Maandagavond weten we wie de Jonge Limburgse ondernemer van het Jaar – de winnaar van de JCI-award – wordt. Er zijn vier kandidaten voor de award: twee mannen en twee vrouwen. Wij vroegen aan ieder van hen hoeveel kans ze zichzelf toedichten om te winnen. En of ze wedden op een man of een vrouw. Een genderstrijd.

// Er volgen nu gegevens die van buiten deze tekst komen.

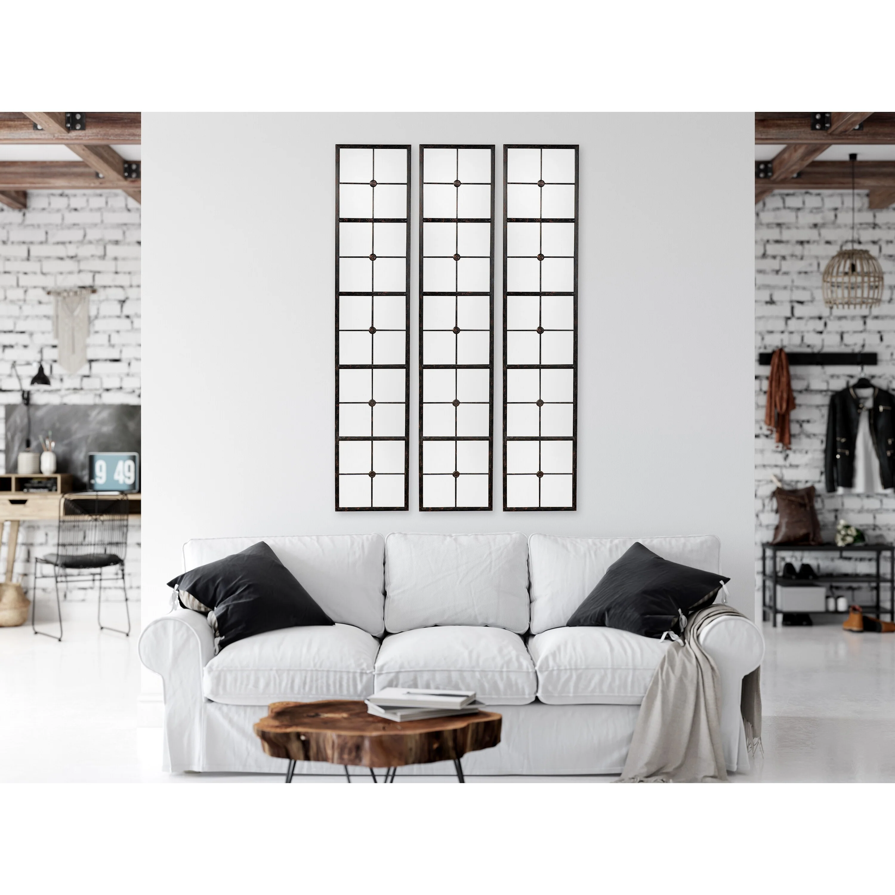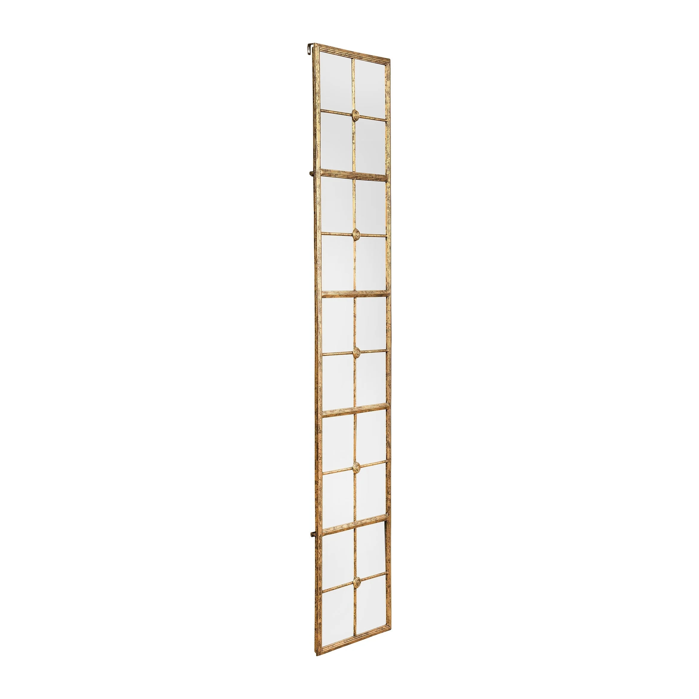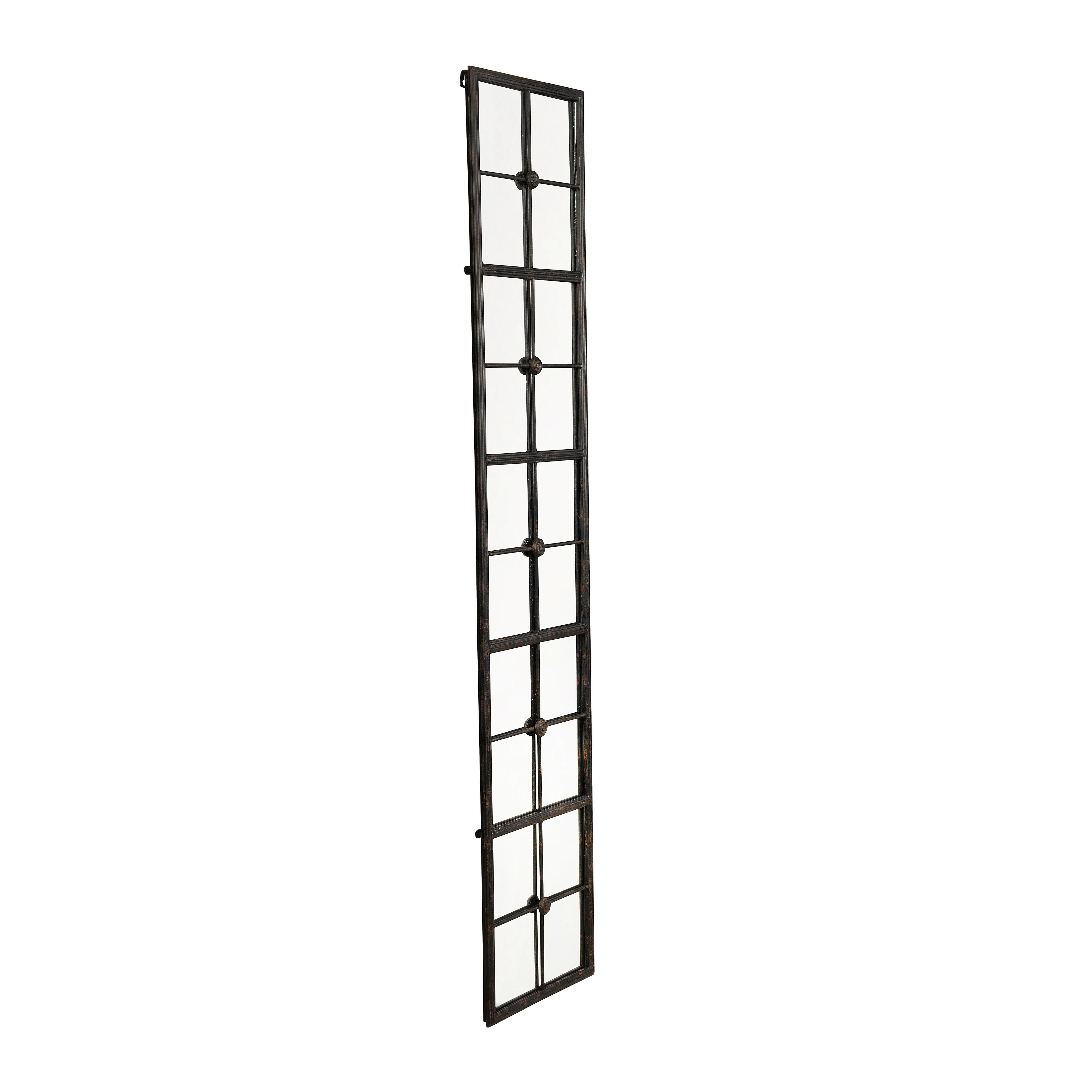 This distressed windowpane wall mirror adds style and depth to any living space. This artfully crafted mirror showcases a rustic metal frame with stylish windowpane detail. The mirror is made from metal and glass for a sleek and sturdy look. The mirror has hanging mechanisms for easy installation and can be hung vertically. This mirror is perfect for adding a touch of elegance and sophistication to any living room, bedroom, or hallway. It measures 13.5 inches long by 65 inches high, making it a perfect size for any space. This mirror is a stunning piece that will add a touch of sophistication to any home.�
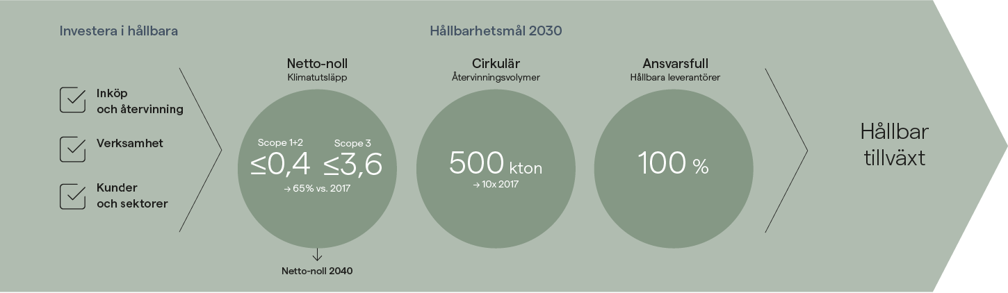 Gränges investerar i cirkulära affärsmodeller, slutna partnerskap, återvinningskapacitet och utveckling av cirkulära legeringar för att öka användningen av återvunnet material i sina produkter. Gränges siktar på att nå en total återvinningsvolym på 500 kton till 2030, vilket motsvarar 10 gånger volymen under basåret 2017.
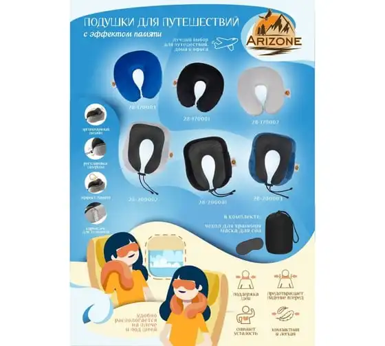 Подушка для путешествий с эффектом памяти ARIZONE синяя, 28-170003
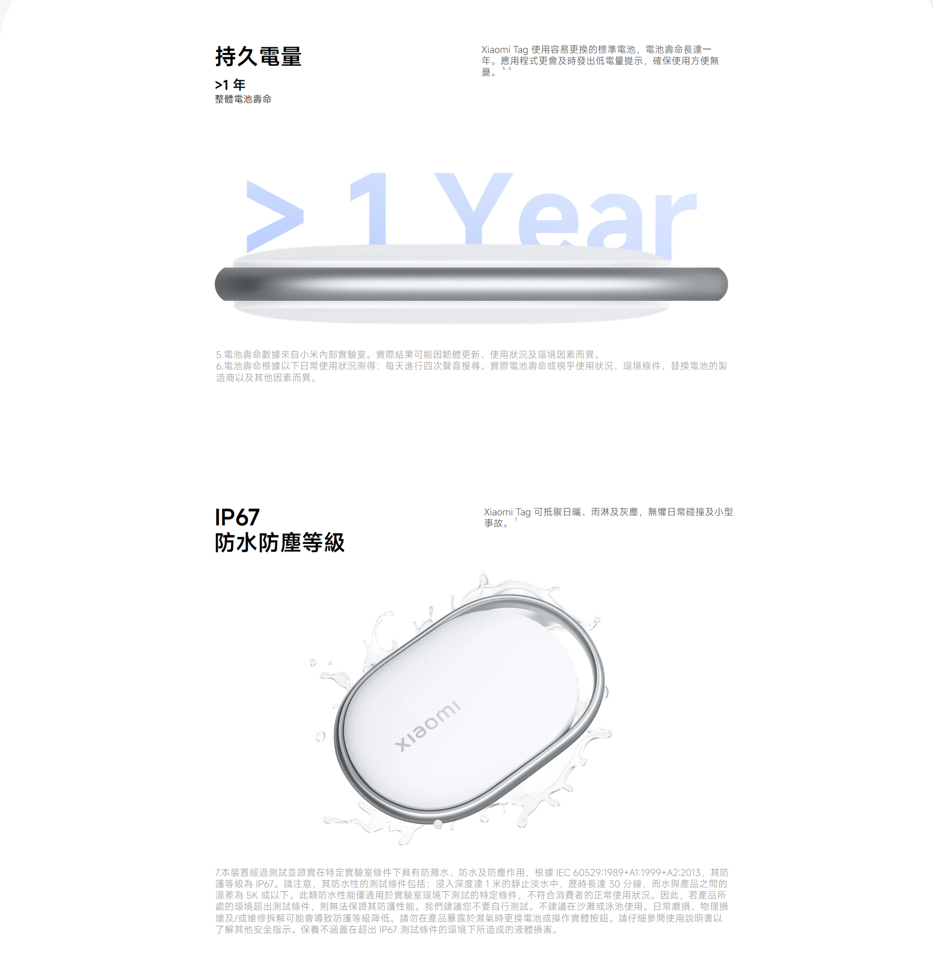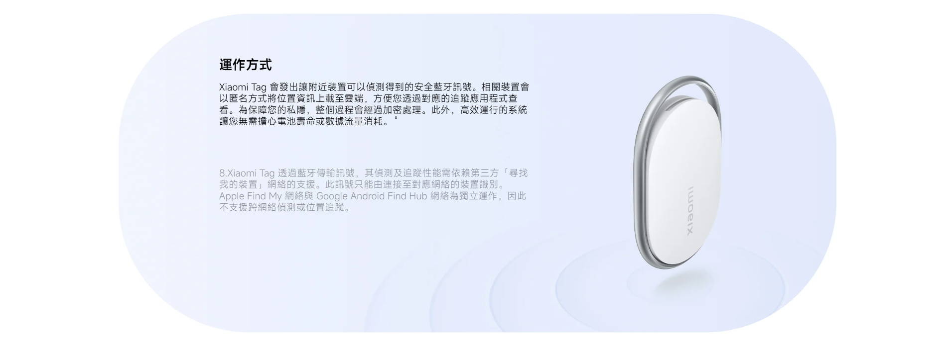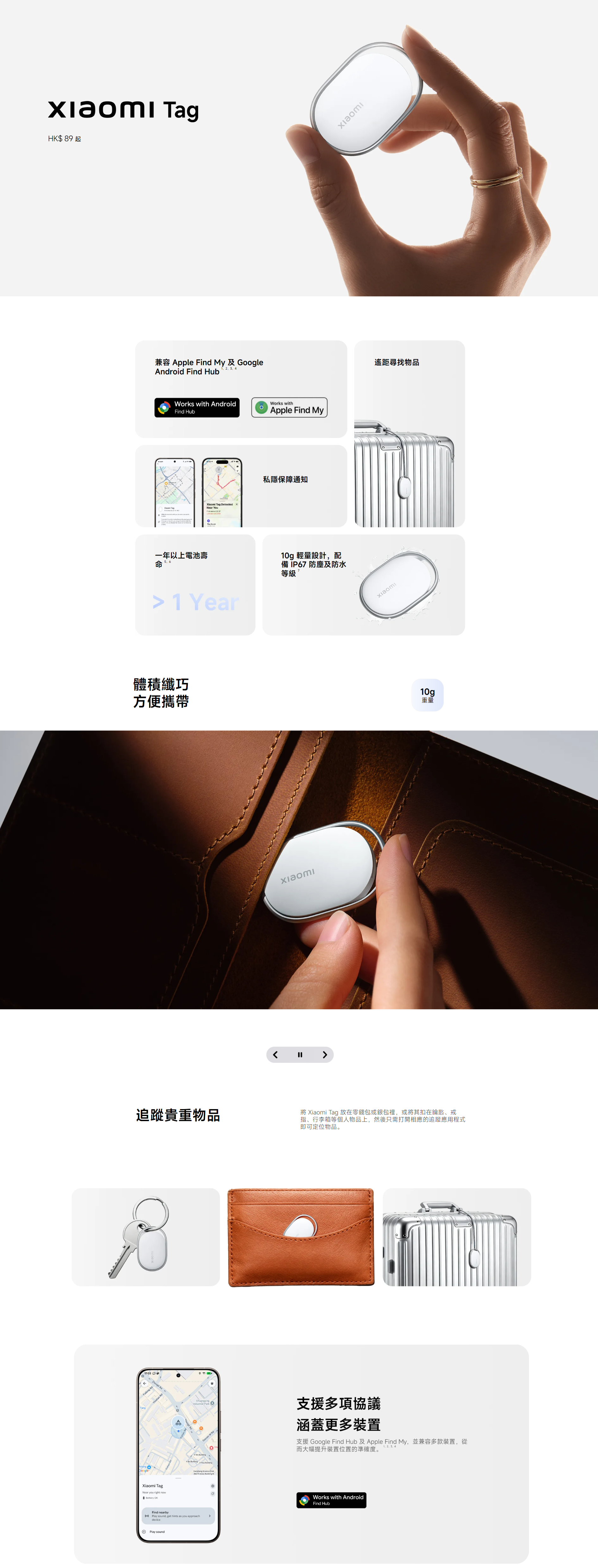 Xiaomi Tag|支援 Apple Find My + Google Find My Device・10g 超輕藍牙追蹤器・一年續航・IP67 防水防塵 Xiaomi Tag 是小米最新推出的 智能藍牙追蹤器,支援 Apple Find My(蘋果尋找) 及 Google Find My Device(Android Find Hub) 兩大定位網絡,真正做到 iOS + Android 跨平台尋物。 機身僅 10g 超輕、支援 藍牙 5.4、NFC、IP67 防水防塵,並具備 一年續航、遺失模式、陌生 Tag 追蹤提醒 等功能,是鑰匙、行李、背包、寵物牌、銀包等物品的最佳防丟神器。 跨平台定位|支援 Apple Find My + Google Find Hub - 同時支援 iOS(Find My) 與 Android(Find My Device) - 可加入全球龐大定位網絡,即使物品遠在千里也能定位 - 位置資料 端對端加密,私隱安全有保障 內置高音量蜂鳴器・藍牙遙控發聲 - 手機一按即可讓 Xiaomi Tag 發聲 - 適合找鑰匙、背包、沙發縫隙掉落的物品 - 聲音響亮,近距離尋找更方便 遺失模式 + NFC 找回功能 - 啟用「遺失模式」後可填寫聯絡方式 - 拾獲者用 iPhone(NFC)或 Android 手機 一碰即可查看聯絡資料 - 大幅提升找回機會 陌生 Tag 追蹤提醒・防止被跟蹤 - 若有陌生 Xiaomi Tag 長時間跟隨你,手機會自動提醒 - 可強制讓陌生 Tag 發聲,確保個人安全 一年續航・可更換 CR2032 電池 - 官方續航長達 1 年 - 使用常見 CR2032 鈕扣電池,更換方便 IP67 防水防塵・戶外無憂 - 可掛於行李、單車、雨傘、寵物牌等戶外物品 - 防塵防水等級達 IP67 10g 超輕設計・隨處可掛 - 重量僅 10g、厚度 7.2mm - 小巧便攜,不佔空間
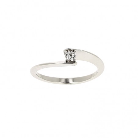 Cet anneau en or blanc 750/000 affiche une ligne plate et asymétrique serti en son centre d’un diamant 0.10 carat.
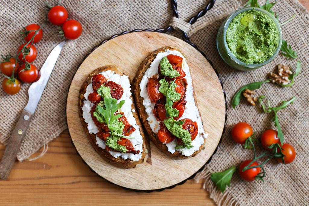 Mira la receta paso a paso aquí5. Tostadas con ricotta, tomates cherrys y pesto de rúcula
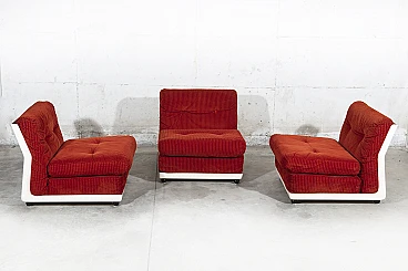Il divano veniva usato come secondo salotto. Le poltrone si presentano in ottimo stato il design e l’eleganza delle poltrone si presatano per qualsiasi ambiente. Le sedute come anche il tessuto si presenta in ottimo stato senza rotture e segni di usura Larghezza 73 Altezza 66
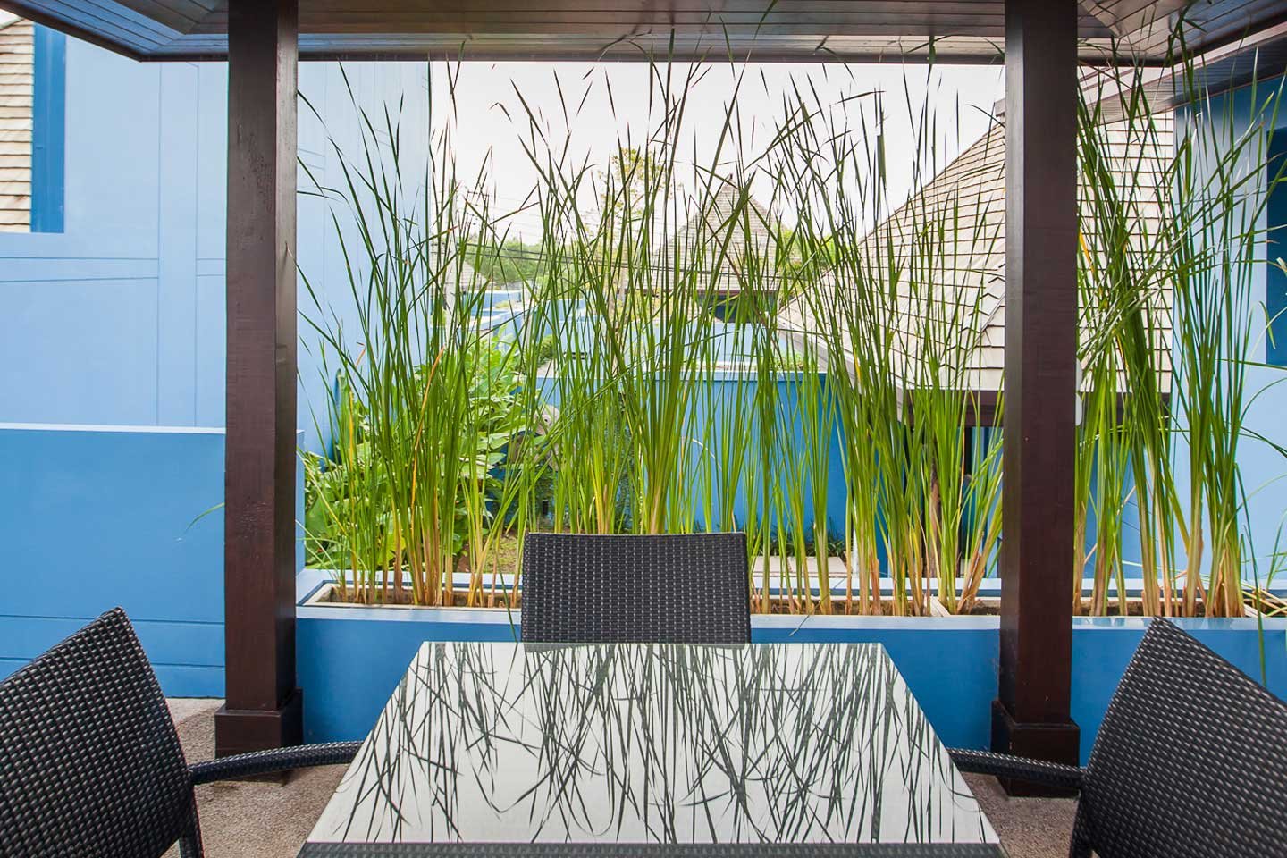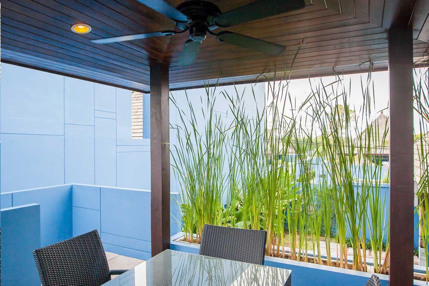 This 3 bedrooms villa, part of a private residence, is designed in the romantic Sino architectural concepts with a plot size 216 sq.m. their own private 6.4 m pool, courtyard, with open-plan living are, kitchen, dining, storage room and third bedroom is up-stair.

Veronique Houben (Airdeck)
“Er zijn vier kandidaten, dus meet ik mezelf ook één kans op vier toe”, rekent Veronique Houben voor. “Ik vind het zo moeilijk om je eigen kans in te schatten, de vier kandidaten zijn moeilijk te vergelijken. Maar ik hoop wel dat een vrouw wint. Het wordt tijd dat het vrouwelijk ondernemerschap meer aandacht krijgt. Zenuwachtig ben ik niet. Ik vind het wel plezant om de andere kandidaten te leren kennen.”
Karlien De Turck (De Kaasbrik)
Ook Karlien De Turck houdt het op 25% kans voor zichzelf. Volgens dezelfde logica denkt ze dat de mannen en vrouwen evenveel kans hebben op de award. Héél diplomatisch. “Maar ik kan niet ontkennen dat het leeft. In het bedrijf is iedereen ermee bezig en vragen de mensen zich af wanneer de uitslag bekend is. Ook buiten het bedrijf word ik er steevast over aangesproken.”
Yves Gonissen (SEPS Pharma)
Yves Gonissen dicht hem en zijn farmabedrijf eveneens een kwart van de kansen toe om te winnen. Maar hij wedt wel op een man. “Logisch, want anders moet je niet willen meedoen in de strijd met zo’n award. Al gaat het zeker erom spannen. Het is al een tijd geleden dat nog een vrouw de prestigieuze award heeft gewonnen. Misschien dat dat voor hen in het voordeel speelt. Maar eerlijkheidshalve wed ik toch op een man.”
Bart Swinnen (Luminex)
Bart Swinnen is de enige die zichzelf een goede kans toedicht om te winnen. “Een percentage kan ik daar niet op plakken. Ik ben met niks begonnen, ik heb zelf moeten innoveren en risico’s nemen.” De vraag of een man of vrouw wint, vindt hij niet relevant. “Het zijn vier ijzersterke dossiers. Of dat nu een man of vrouw is die wint, zou niet mogen meespelen. Het gaat om het ondernemerschap.”